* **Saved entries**
■ ■ ■ ■ ■ ■ ■

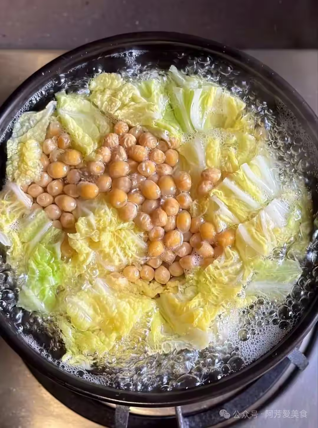 食材:干黃豆一小把(約50克)、新鮮白菜葉三四片。
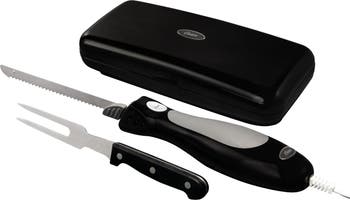 Introducing the Oster Electric Knife with Carving Fork and Storage Case, a culinary powerhouse designed to elevate your carving experience. Crafted with precision and durability in mind, its stainless steel blade slices through meats, bread, and more with ease. The sleek black design complements any kitchen aesthetic while the ergonomic handle ensures comfortable and controlled operation, making every carving task a breeze. The compact storage case keeps your knife and carving fork organized and protected when not in use, perfect for saving space in your kitchen.With a formidable 1200W of power and a corded plug, this electric knife delivers consistent performance for precise cuts every time. The removable blade offers convenient cleaning and maintenance, while the special carving tip enhances precision for intricate cuts. Plus, the inclusion of a dedicated carving fork ensures you have all the tools you need for a seamless carving experience. Upgrade your kitchen arsenal with the Oster Electric Knife, a reliable companion for culinary enthusiasts and professionals alike.
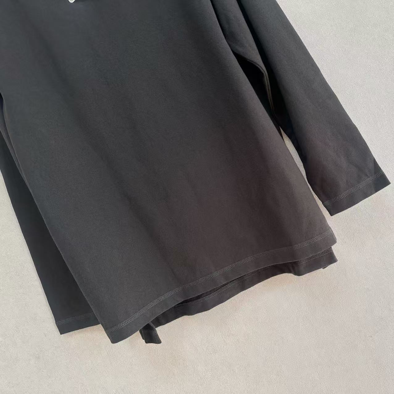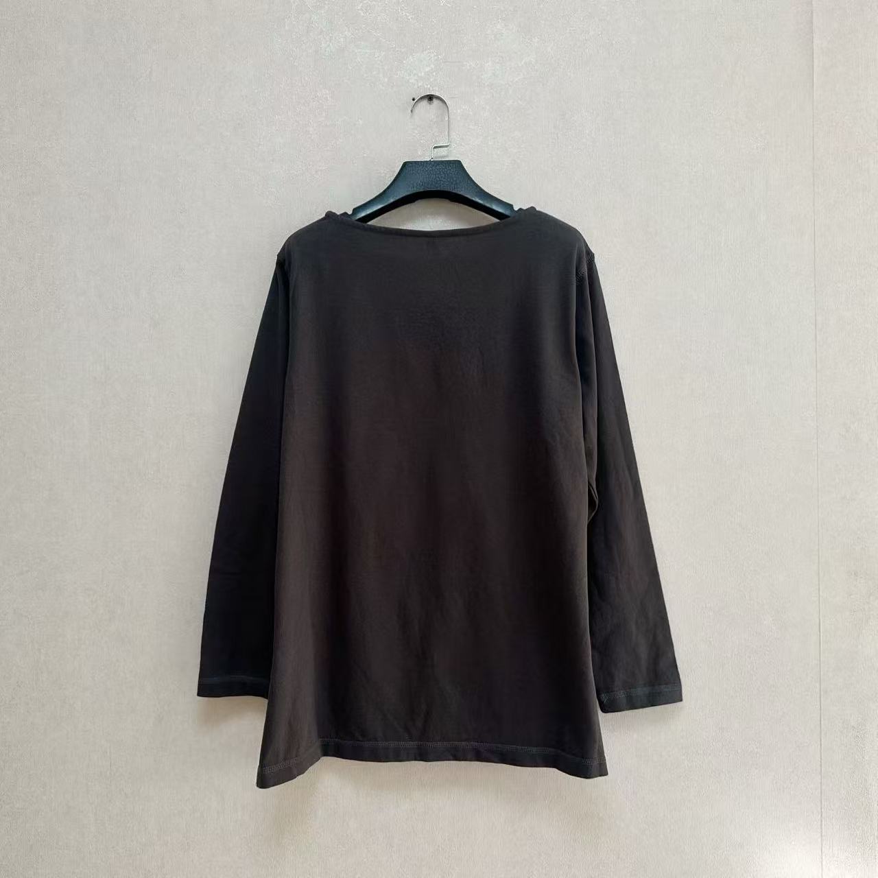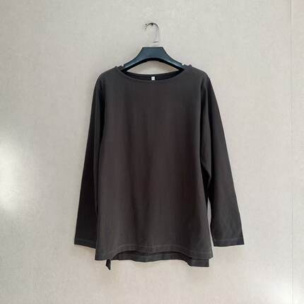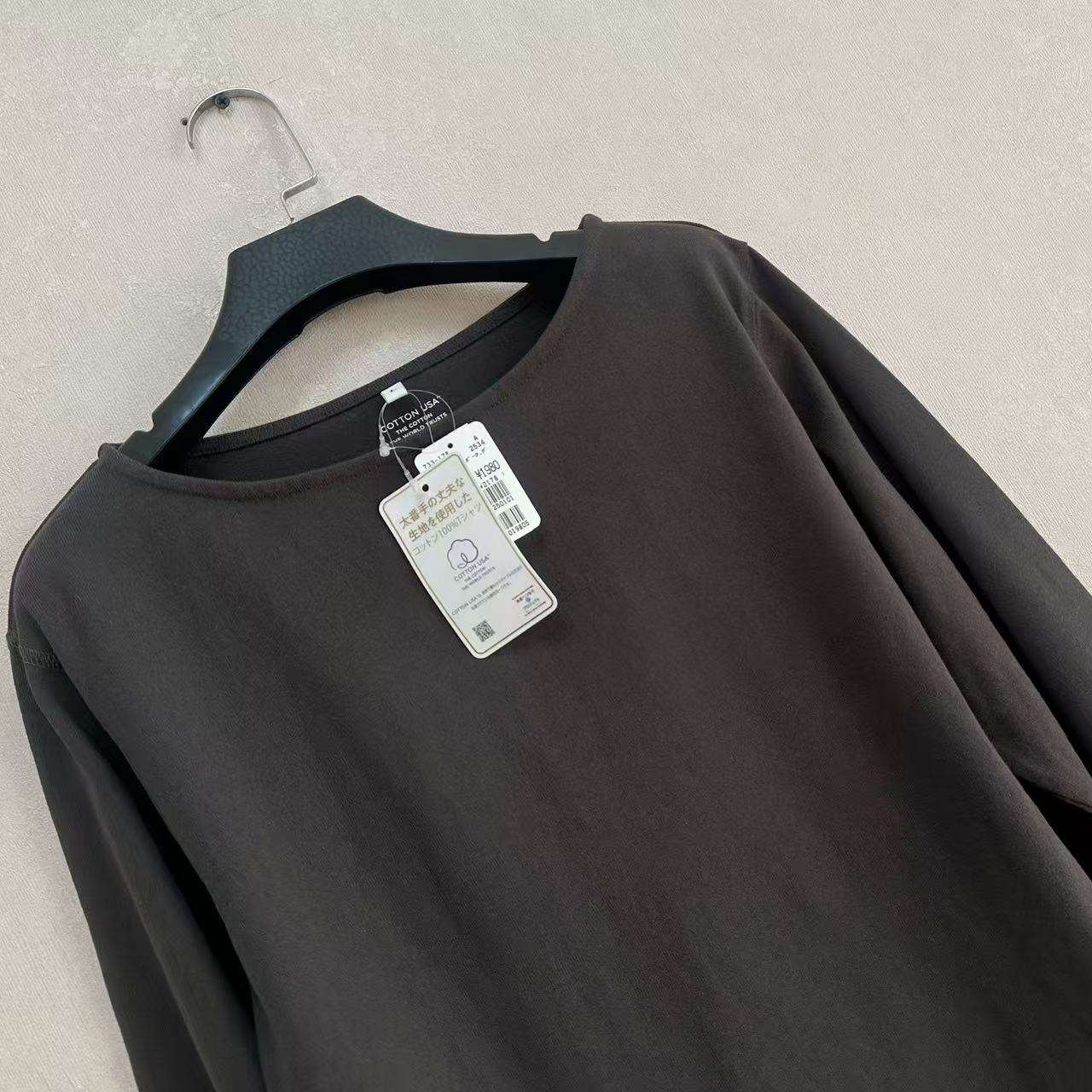 外贸出口日本COTTON USA原单美棉女炭灰色基础款长袖套头圆领T恤
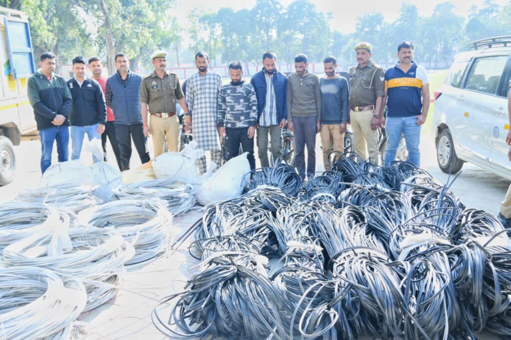 कब्जे/निशांदेही पर भारी मात्रा में एल्युमीनियम व तांबे के विद्युत तार (01 टन से अधिक), एक अदद अर्टिगा कार, एक अदद पिकप, 05 अदद मोटरसाइकिल, 3200/- रुपये नकद, 20 अदद कुर्सी व घटना कारित करने में प्रुयक्त उपकरण आदि सामान बरामद- पुलिस अधीक्षक बाराबंकी श्री अर्पित विजयवर्गीय द्वारा जनपद में अपराध एवं अपराधियों पर अंकुश लगाने तथा जनपद में हुई चोरी की घटनाओं का शीघ्र अनावरण करने व अभियुक्तों की गिरफ्तारी हेतु समस्त थाना प्रभारियों को निर्देशित किया गया। इसी क्रम में आज दिनांक 15.02.2026 को स्वाट/सर्विलांस व थाना सफदरगंज की संयुक्त पुलिस टीम द्वारा थाना सफदरगंज पर पंजीकृत मु0अ0सं0 12/2026 धारा 303(2)/317(2) बीएनएस व 136 विद्युत अधिनियम में प्रकाश में आये 05 अभियुक्तों/चोरों 1. इरफान अली उर्फ मुजफ्फर पुत्र सरवर अली निवासी ग्राम अफजलपुर पट्टी थाना शहजादनगर जनपद रामपुर, 2. वसीम पुत्र शफीक निवासी ग्राम रूड़की थाना बहेड़ी जनपद बरेली, 3. परवेज पुत्र नवी अहमद निवासी ग्राम गुलरिहा थाना बहेड़ी जनपद बरेली, 4. आरिफ पुत्र महमदू निवासी ग्राम महतोष थाना खजुरिया जनपद रामपुर, 5. आसिफ पुत्र शाबिर निवासी मोहल्ला नौगवा थाना सुनगढ़ी जनपद पीलीभीत को रसौली अण्डर पास से गिरफ्तार किया गया। अभियुक्तगण के कब्जे/निशांदेही पर 16 बण्डल एल्युमीनियम का विद्युत तार (लगभग 05 कुन्तल), 04 बण्डल तांबे का विद्युत तार (लगभग 1.09 कुन्तल), 09 बण्डल केबिल छिलका (लगभग 3.17 कुन्तल), 04 बोरी तांबे का तार छिलका (लगभग 1.05 कुन्तल), 03 अदद तार कटर, 01 अदद प्लास, 01 अदद छोटी बेल्डिंग मशीन, 01 अदद अर्टिगा कार (यूपी 22 बीटी 3748), 01 अदद महेन्द्र पिकप (यूपी 22 एटी 7621), 05 अदद मोटरसाइकिल, 20 अदद प्लास्टिक कुर्सी, 3200/- रुपये नकद बरामद किया गया।
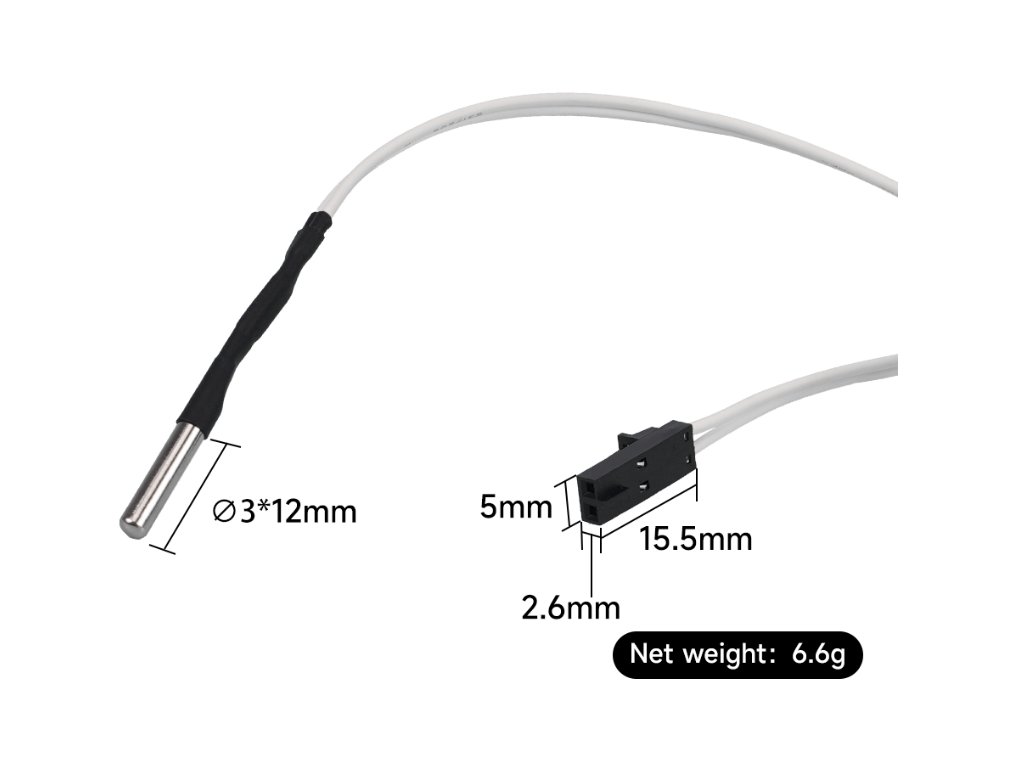 Teplotní čidlo (termistor) HT-NTC100K (válcové pouzdro) s koncovkou pro tiskárny Prusa

■ ■ ■ ■ ■ ■ ■

* **TASK ITEM**
Nothing but an exact copy belongs in the answer: the lines from the top of the records through the line containing "外贸出口日本COTTON USA原单美棉女炭灰色基础款长袖套头圆领T恤", minus the pictures.

* **EXERCISE RESULT**
 食材:干黃豆一小把(約50克)、新鮮白菜葉三四片。
 Introducing the Oster Electric Knife with Carving Fork and Storage Case, a culinary powerhouse designed to elevate your carving experience. Crafted with precision and durability in mind, its stainless steel blade slices through meats, bread, and more with ease. The sleek black design complements any kitchen aesthetic while the ergonomic handle ensures comfortable and controlled operation, making every carving task a breeze. The compact storage case keeps your knife and carving fork organized and protected when not in use, perfect for saving space in your kitchen.With a formidable 1200W of power and a corded plug, this electric knife delivers consistent performance for precise cuts every time. The removable blade offers convenient cleaning and maintenance, while the special carving tip enhances precision for intricate cuts. Plus, the inclusion of a dedicated carving fork ensures you have all the tools you need for a seamless carving experience. Upgrade your kitchen arsenal with the Oster Electric Knife, a reliable companion for culinary enthusiasts and professionals alike.
 外贸出口日本COTTON USA原单美棉女炭灰色基础款长袖套头圆领T恤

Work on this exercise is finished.